Quick mixing question!

I'm delivering a couple f track for a publisher on an upcoming album, which will have the STEMS professionally mastered. The last section has a bit of clipping on downbeats due to all of the orchestra/percussion/sound design. 

Is this okay or should there be no clipping whatsoever?(There is a decent amount of headroom for the rest of the track)


----------



## jmars (Mar 17, 2019)

You don’t want any if your stems to be clipping. There’s nothing a mastering engineer can do to fix that.

If you are happy with the overall balance of your current mix, just gain everything down by an equal ammount until you aren’t clipping, then reprint your stems


----------



## BenG (Mar 17, 2019)

Ah, good to know! The stems themselves aren't clipping, just the full mix, so I'll bring it down!


----------



## Gerhard Westphalen (Mar 17, 2019)

Most people will just limit the full mix so it doesn't clip. Yes, that means that the stems will technically sound different and if you play them, they'll clip the full mix but most people are fine with that since if someone is ever using the stems, they'll be making changes to the levels anyways.

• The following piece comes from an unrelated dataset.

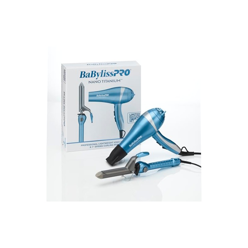 BaBylissPRO Nano Titanium Professional Lightweight Ionic Hair Dryer and 1" Spring Curling Iron
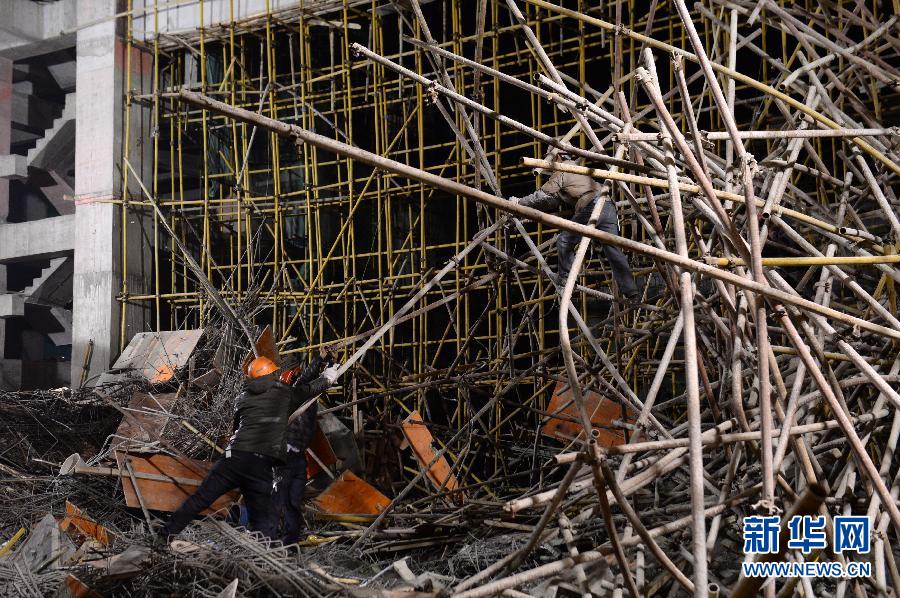 2月9日,救援人员在事故现场拆除垮塌的脚手架。新华社记者胡超摄

Limiting the stems to -2dBFS will usually be OK but I've clipped mixes with that regardless and at a certain point you're bringing down the level of everything so much so that it doesn't clip when it sums that it becomes ridiculous.

The correct solution is to sidechain limit the stem with the full mix but that full mix has to be without the limiting so it gets complicated to set it up properly. You basically need to create separate stem busses for the limiter. You create a send from your normal stem busses to a full mix buss then you sidechain the stem limiters with that.


----------



## Desire Inspires (Mar 17, 2019)

Clipping is cool. A bit of "imperfection" makes it sound more realistic and less mechanical.


----------



## BenG (Mar 17, 2019)

Gerhard Westphalen said:


> Most people will just limit the full mix so it doesn't clip. Yes, that means that the stems will technically sound different and if you play them, they'll clip the full mix but most people are fine with that since if someone is ever using the stems, they'll be making changes to the levels anyways.
> 
> Limiting the stems to -2dBFS will usually be OK but I've clipped mixes with that regardless and at a certain point you're bringing down the level of everything so much so that it doesn't clip when it sums that it becomes ridiculous.
> 
> The correct solution is to sidechain limit the stem with the full mix but that full mix has to be without the limiting so it gets complicated to set it up properly. You basically need to create separate stem busses for the limiter. You create a send from your normal stem busses to a full mix buss then you sidechain the stem limiters with that.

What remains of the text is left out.